Problem to work on —
Repeat exactly what runs from the line containing "Белобородов Н.В. Социальные" through the last line of the material below. Do not copy the pictures.

________________________

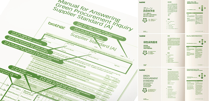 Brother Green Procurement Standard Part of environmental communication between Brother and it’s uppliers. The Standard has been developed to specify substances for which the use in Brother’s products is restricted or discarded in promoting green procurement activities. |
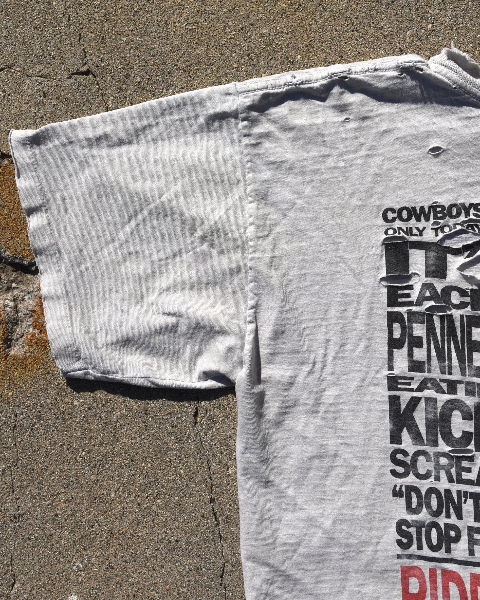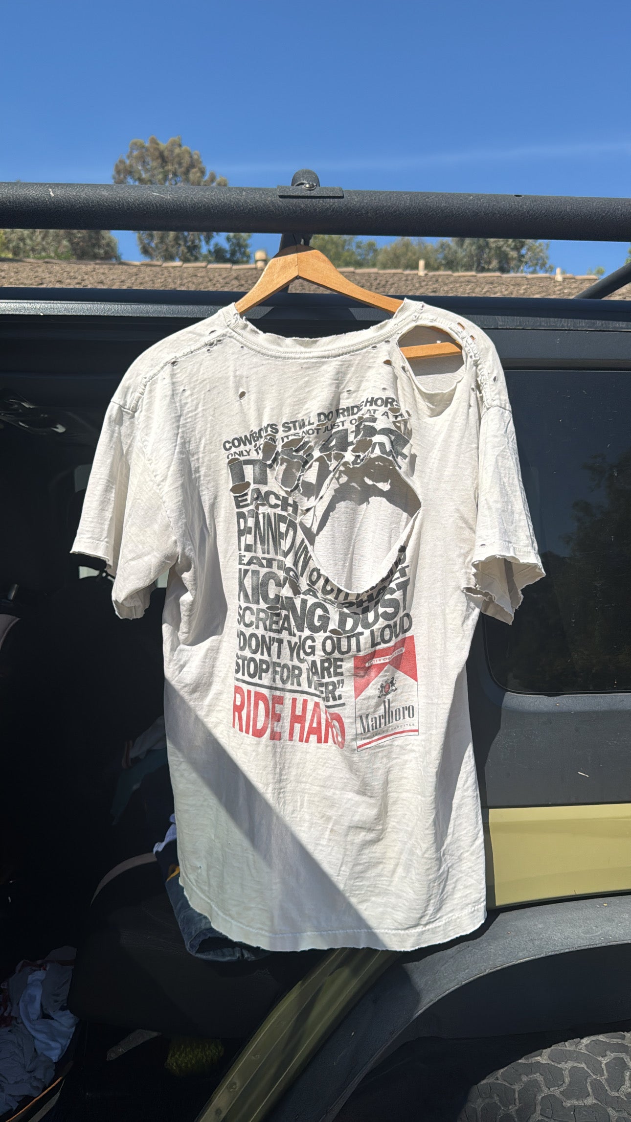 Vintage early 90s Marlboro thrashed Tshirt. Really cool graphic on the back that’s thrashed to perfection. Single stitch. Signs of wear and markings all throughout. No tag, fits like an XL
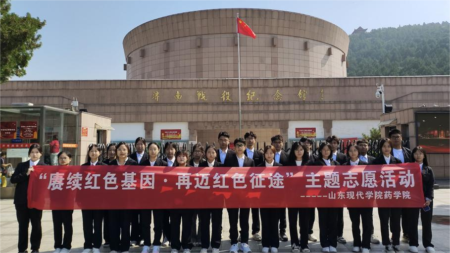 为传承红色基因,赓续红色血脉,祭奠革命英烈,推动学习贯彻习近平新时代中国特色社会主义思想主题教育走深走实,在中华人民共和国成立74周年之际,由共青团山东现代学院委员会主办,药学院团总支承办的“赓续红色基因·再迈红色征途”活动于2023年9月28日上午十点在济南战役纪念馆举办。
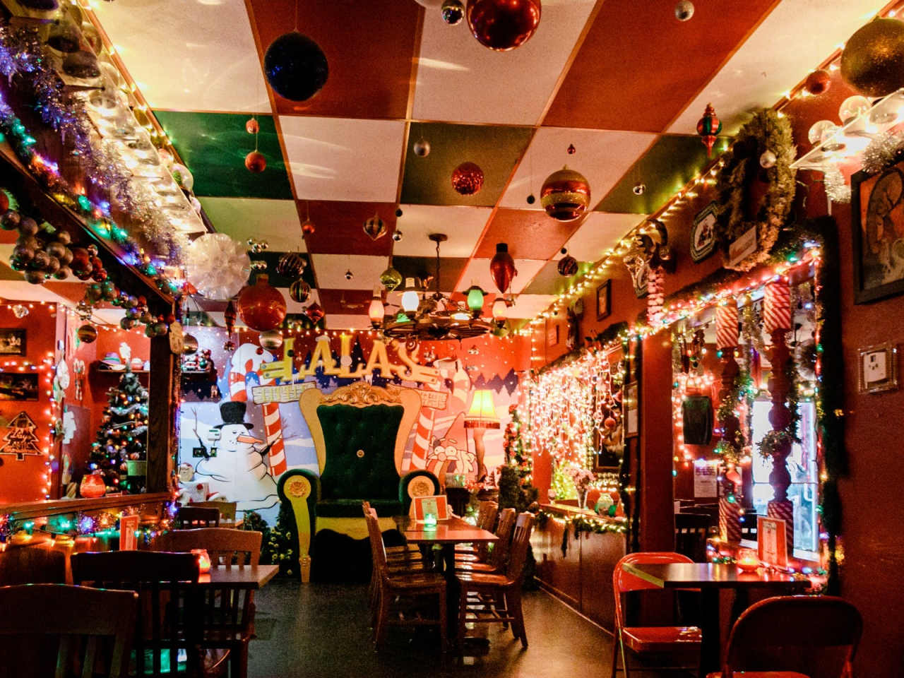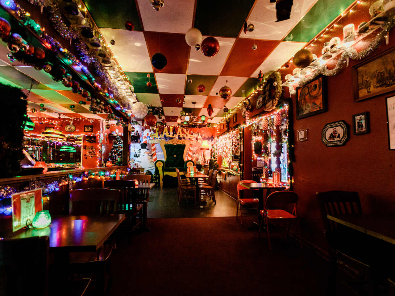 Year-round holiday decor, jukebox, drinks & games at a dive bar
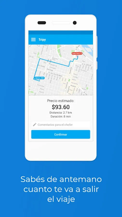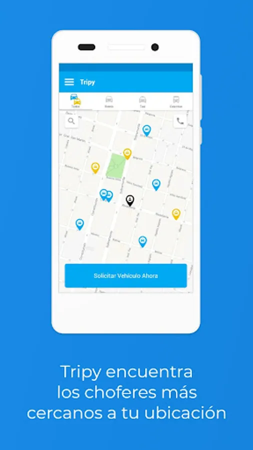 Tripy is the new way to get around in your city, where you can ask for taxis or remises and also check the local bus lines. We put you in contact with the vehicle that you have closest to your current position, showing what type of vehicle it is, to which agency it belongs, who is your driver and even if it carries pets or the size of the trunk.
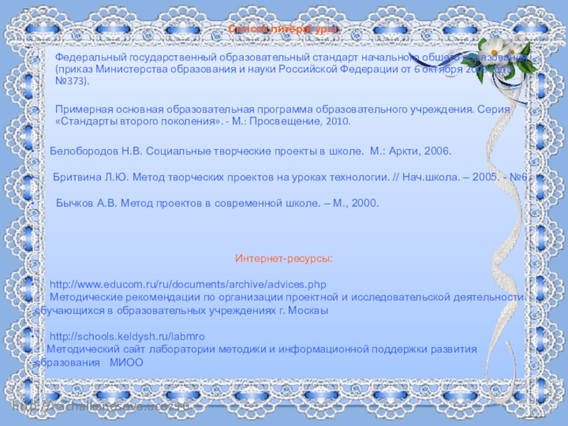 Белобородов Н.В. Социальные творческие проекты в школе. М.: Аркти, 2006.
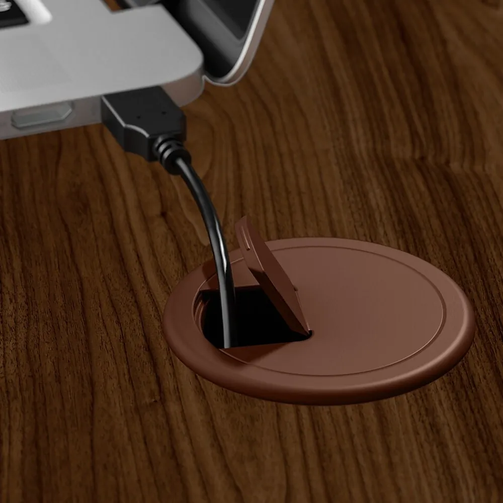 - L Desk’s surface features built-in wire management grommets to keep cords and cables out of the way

________________________

Result for this exercise —
 Белобородов Н.В. Социальные творческие проекты в школе. М.: Аркти, 2006.
 - L Desk’s surface features built-in wire management grommets to keep cords and cables out of the way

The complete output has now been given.